Todo ello ayuda a comprender los orígenes de lo que hoy denominamos la “Europa política”, las raíces de Europa, que no es fruto o resultado de la cultura cristiana: esta quedó enriquecida por las matemáticas indias, por la medicina árabe, por el enorme peso de toda la cultura greco-romana. Y ayuda a entender cómo la Edad Media cristiana construyó su trilogía sobre el pensamiento de Aristóteles, que fue redescubierto a través de los árabes; tampoco hay que olvidar que San Agustín, uno de los más grandes pensadores cristianos, no puede ser entendido sin la asimilación de toda la corriente platónica.

Las raíces mismas del imperio son de origen romano y Europa posteriormente eligió el latín de Roma como lengua para los ritos sagrados, para el pensamiento, para el Derecho; la cultura griega a su vez sería imposible sin tener en cuenta la cultura egipcia en ese ámbito, tiramos del hilo en cualquiera de los ámbitos y es realmente claro que el magisterio de los egipcios estuvo detrás de la era de la luz que representó el Renacimiento.

El subtítulo del libro (Antigüedad: Grecia, Roma, cristianismo y antigüedad tardía, edad media) engloba periodos dispares y Letamendia lo fundamenta señalando que la ciencia política, su especialidad, define la cultura política como la orientación de los seres humanos hacia los objetos políticos, esto es, el poder, la legitimación, las instituciones construidas y los territorios en los que se ejerce el poder. Sus elementos son las identidades, que dan estabilidad a las orientaciones; y las ideologías, el elemento dinámico utilizado por las identidades políticas como instrumento de acción y proselitismo.

Su concepción de la modernidad es una de las construcciones teóricas más acabadas que cabe leer hoy día: a su juicio, surge de la interrelación entre tres matrices: revolución científico-técnica resultante de la aplicación de la ciencia a la técnica, consolidación del Estado territorial soberano y hegemonía social y política del capitalismo. Pero, a su vez, cada una de estas matrices ha conocido un largo y contradictorio proceso de maduración que se anuncia en la premodernidad, hunde sus raíces en la Edad Media y recupera incluso algunos elementos de la antigüedad clásica.

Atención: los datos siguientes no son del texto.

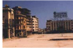
Pendant la guerre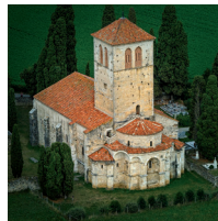
VISITE BASILIQUE Valcabrière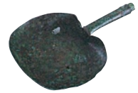
銅製灰匙(SKT411地点) 堺市文化財課保管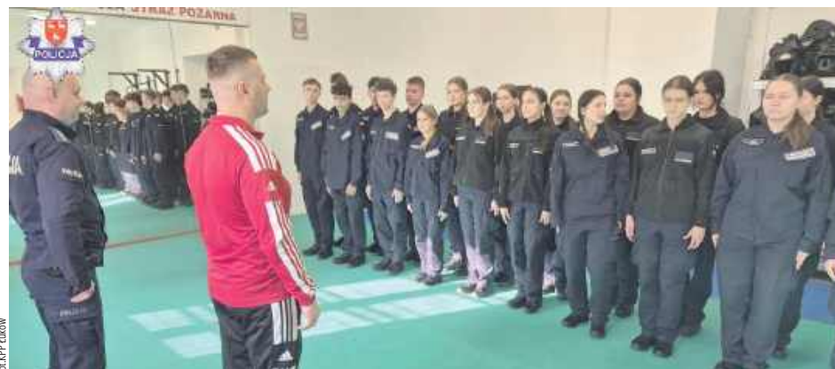
W oddziale o profilu mundurowym przygotowującym do służby w Policji i Straży Granicznej, który wraz z rozpoczęciem nowego roku szkolnego został otwarty w Zespole Szkół im. Władysława Tatarkiewicza w Radoryżu Smolanym, odbyły się kolejne zajęcia z przedstawicielami tych formacji mundurowych

doświadczonego instruktora mieli możliwość zapoznania się z praktycznymi aspektami służby w Policji i przeciwczenia taktyki i technik in-

¿Existían por tanto ideologías como instrumentos de acción política en la Antigüedad? Se demuestra que sí: poco tenían que ver con las categorías actuales, pues surgían de divisorias de naturaleza religiosa, que producían, eso sí, profundas consecuencias políticas. La confusión de la ciencia política sobre su existencia en estas épocas se debe a que las identifica muchas veces con la instrumentalización y vulgarización de concepciones estrictamente políticas, que eran escasas o faltaban entonces. Pero es que en esos tiempos la cultura política se alimentaba, más que de concepciones políticas apenas existentes, de esos grandes continentes de la actividad humana que son la religión, en un lugar destacado; el arte, como instrumento de comunicación y socialización de las ideas y sentimientos religiosos; y en unos pocos casos, y a mucha menor escala, algunas concepciones científicas.

Cabría proyectar todo su análisis sobre la visión de modelos geopolíticos planteada brillantemente por el profesor Gurutz Jauregui y comprobar cómo confluyen, porque no podemos pretender conquistar mercados a la usanza del viejo imperio romano, por poner el ejemplo de lo que durante buena parte del siglo XX representó EE.UU. hasta la era Obama, a la que sigue ahora la incertidumbre del tiempo populista marcado por la personalidad ególatra de Donald Trump. En todo caso, Europa ni tiene capacidad ni va a plantearse nunca imponer geopolíticamente nuestro modelo en un mundo abierto mediante el recurso a la violencia o la fuerza; sería absurdo, ineficaz y éticamente inadmisible.

Igualmente estéril sería pretender convertirnos en los fenicios del siglo XXI, que hoy día vienen representados por los países del sudeste asiático (China, India). No tiene sentido pretender operar o funcionar con una estricta dinámica de abaratar costes, porque el sacrifico de derechos sociales en el altar de la competitividad no nos ha hecho ni nos hará ni mejores ni más sostenibles.

¿Qué modelo debemos reivindicar y profundizar entonces en el siglo XXI? Debemos retomar el denostado por muchos modelo de la Grecia clásica, el modelo anclado en valores, la cuna de la democracia moderna.